Heloise_Morris wrote:

NTA. You can always order Thai food as a special treat for your son. All you did was let your son know some people would not be able to attend his birthday dinner because it wasn't accessible for people with disabilities. Your son made the decision to change the restaurant.

"I reminded Matt that his auntie, who is in a wheelchair, and his granny, who is over 70, would not be able to attend his dinner. He immediately changed his mind and picked an Italian restaurant that is accessible."

You let your son make the decision.

And OP responded:

That’s a great idea. I can order Thai for lunch instead so he doesn’t miss out on his favorite dish.

Albertthe1st wrote:

NTA. You are teaching your son to have empathy and consideration. You get today’s gold star. Bless you, we need more kindness and thoughtfulness in the world. I don’t say this because I’m in a wheelchair but because of what a positive impact even a young child’s actions can make. Thank you and your son.

Equilibriyum wrote:

NTA. It's his birthday and he has every right to accommodate his preferred guests. Why your husband thinks you're an AH on this is illogical and irrational. Sounds like he himself has a personal resentment with your disabled family members. Hard NTA.

And OP responded:

My husband is very protective over our kids’ birthdays.

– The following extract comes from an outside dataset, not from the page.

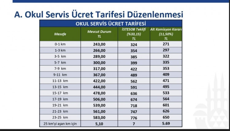 İstanbul'da öğrenci ve personel servislerinde yüzde 11,50 oranında zam teklifi UKOME toplantısında kabul edildi.
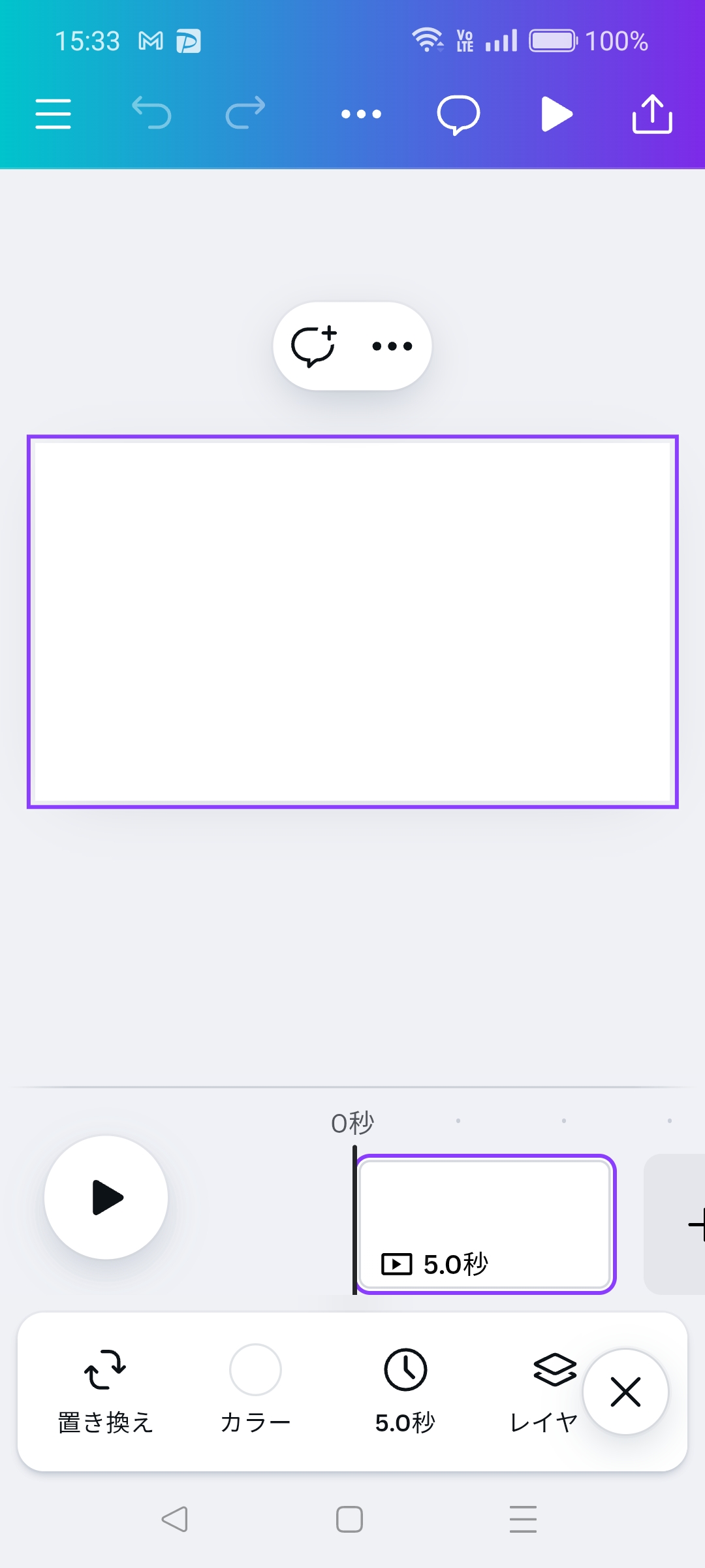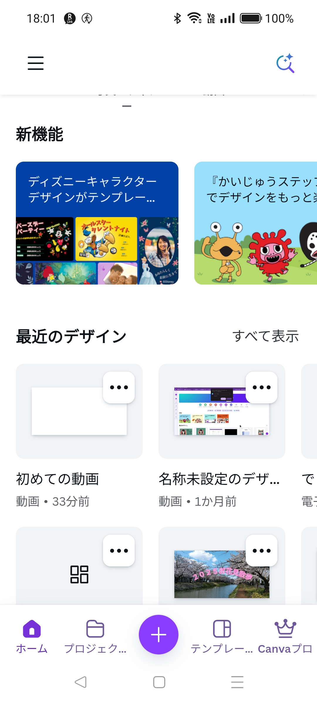 ホームにある「最近のデザイン」から「初めての動画」を選択しましょう。編集画面が開きます。

He definitely doesn’t resent Matt’s aunt (she’s married to my brother so I don’t know how they’re related) or my mom. He is not a fan of my brother.

hotmessmomof1 wrote:

NTA and your son will grow to be a kinder and more considerate kid. My daughter just turned 11 and she asked the parents of her best friends about the 2 places she wanted to have her party at.

One was one of those jump places and one of her bff’s has had back surgery, she was born with spine issues, her mom told us it could work but she would have to be very careful her other friend is autistic and she didn’t want him to feel overwhelmed so she changed it to our local skating rink.

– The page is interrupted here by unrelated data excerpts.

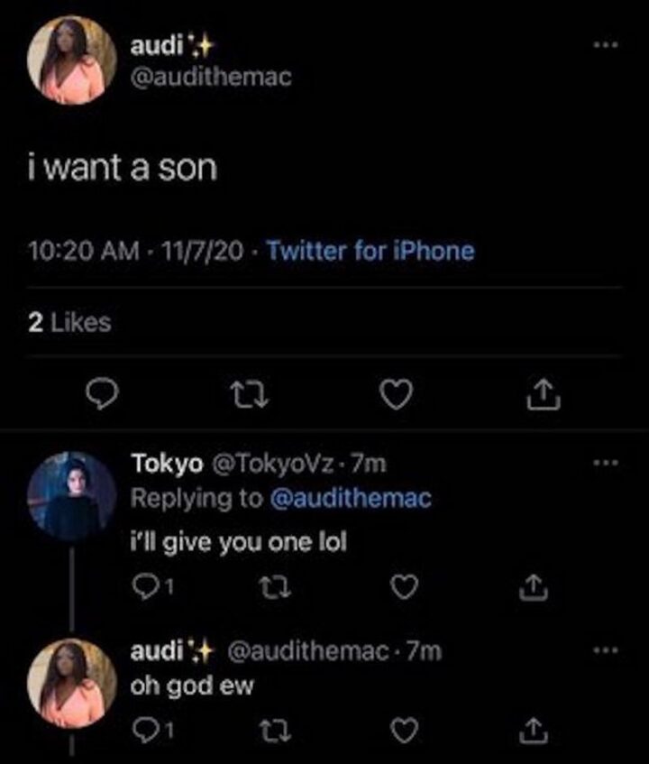“I want a son. I’ll give you one LOL. Oh God ew.”
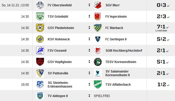 Kreisliga A, Staffel 1, 13.Spieltag:
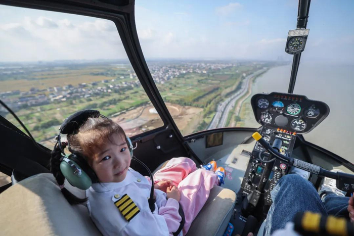 ▲近年来,浙江省湖州市吴兴高新区充分发挥毗邻太湖的地理优势,推进低空经济发展。图为小游客乘坐米旗通航直升机飞行基地的直升机在空中饱览太湖南岸美景。新华社记者 徐 昱 摄

Honestly, she didn’t care so much what place we went just that her friends enjoyed themselves also. Your son is showing the same consideration.

bamf1701 wrote:

NTA. You are doing what a parent is supposed to do - teaching your child. In this case, to think about the potential ramifications of a choice he is making. You didn't tell your son that he couldn't make this choice.

You simply pointed out that his aunt and grandmother would not be able to attend if he chose that restaurant and let him make up his mind with that new information. This is good parenting, and your husband shouldn't belittle you for it.

OP is NTA at all, she's a good mom and her husband is acting immaturely.